The change of Basel II (rules that allow banks to have a better insight into the risk), after the great financial crisis, was, as he estimated, aimed at preventing future crises from encroaching on budget funds to cover the losses of private institutions.

“The price of the bank crisis has to be paid by the shareholders, bondholders who were not aware of the risks, and at SVB and Credit Suisse, the regulators and preventive control failed,” Djukić said.

He added that the responsibility of bank management is extremely high, and that people take these functions lightly.

Bank managements should, as he said, confront shareholders when it comes to the race for profits and take care of defense mechanisms, including high liquidity, high capital base, high provisions for potential losses.

“It is not true that adapting to the Basel regulations automatically enables safe risk management, although Basel III was announced with pomp, which improved the regulation after the bitter experience of the global crisis, but we see that practice is ahead of the regulator and the regulator is often taken aback because it does not understand the processes and potential Risks at individual, primarily the largest banks, or bank management have a lack of knowledge,” said Djukić.

He pointed out that he has always opposed the principle of privatizing the extremely large profits of banks during the “boom” in the markets, and socializing their losses during the crisis.

He added that he is not sure that the taxpayers will not pay the price of the illiquidity of those banks even now, if there is not enough bankruptcy money, because SVB Bank has practically failed and will fall on the taxpayers since the US Ministry of Finance provided a fund to intervene in order to increase liquidity in to that private bank, created in the richest part of the USA, on the basis of powerful startup and hi-tech companies.

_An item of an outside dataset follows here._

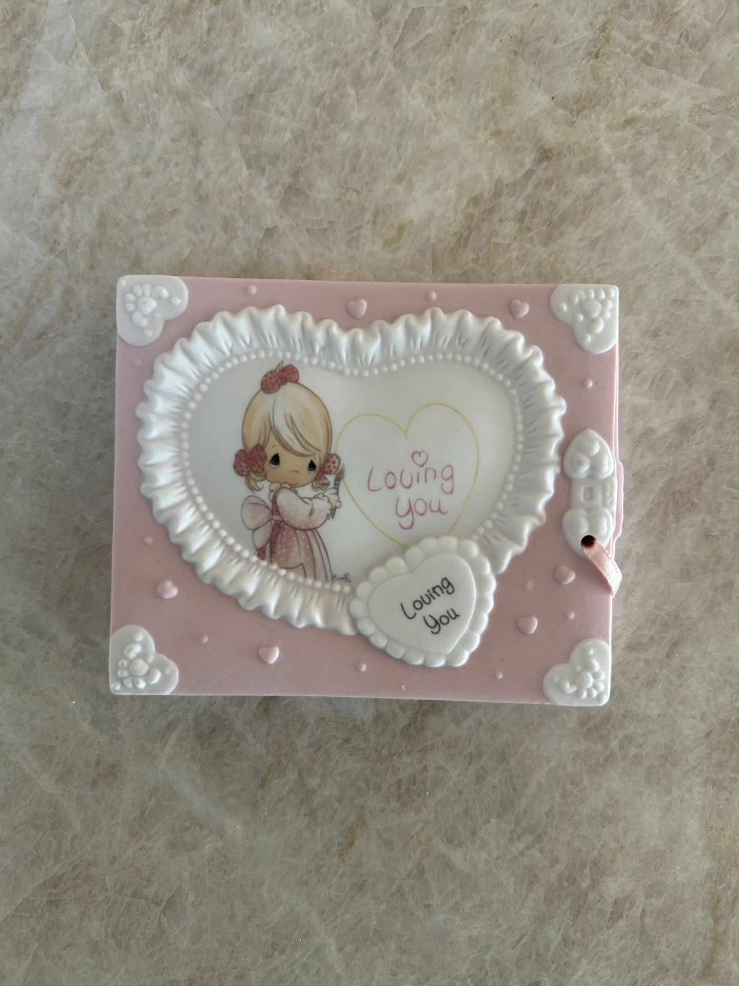 Enesco 1994 Precious Moments. Love and Friendship pink porcelain covered box. #101788. Girl with big heart. Measures 4”L, 3”W, 1”H. In perfect condition. In original box w/certificate. From smoke free home.

In the end, with the rise in interest rates, the price will be paid by new loan users, according to him.

The decline in the liquidity of that bank, as he said, was due to the unification of negative factors at one point, the FED drastically increasing interest rates, and that bank was buying high-quality bonds, and when depositors began to withdraw their deposits, it turned out that if the bank were to sell a portfolio of long-term government and other securities in order to record large losses, because the period of rising interest rates began and the bank found itself in the grip of interest rate risk and insolvency risk.

According to him, the bank’s assets are 200 billion dollars, which is not a large sum for the American financial system, but regardless, the stampede of deposit withdrawals demanded 40 billion dollars at one point.

“It is logical at this moment to expect the banks on the domestic market to refrain from further growth in credit placements. In such crises, banks calm down and wait for the market to stabilize,” Djukić said.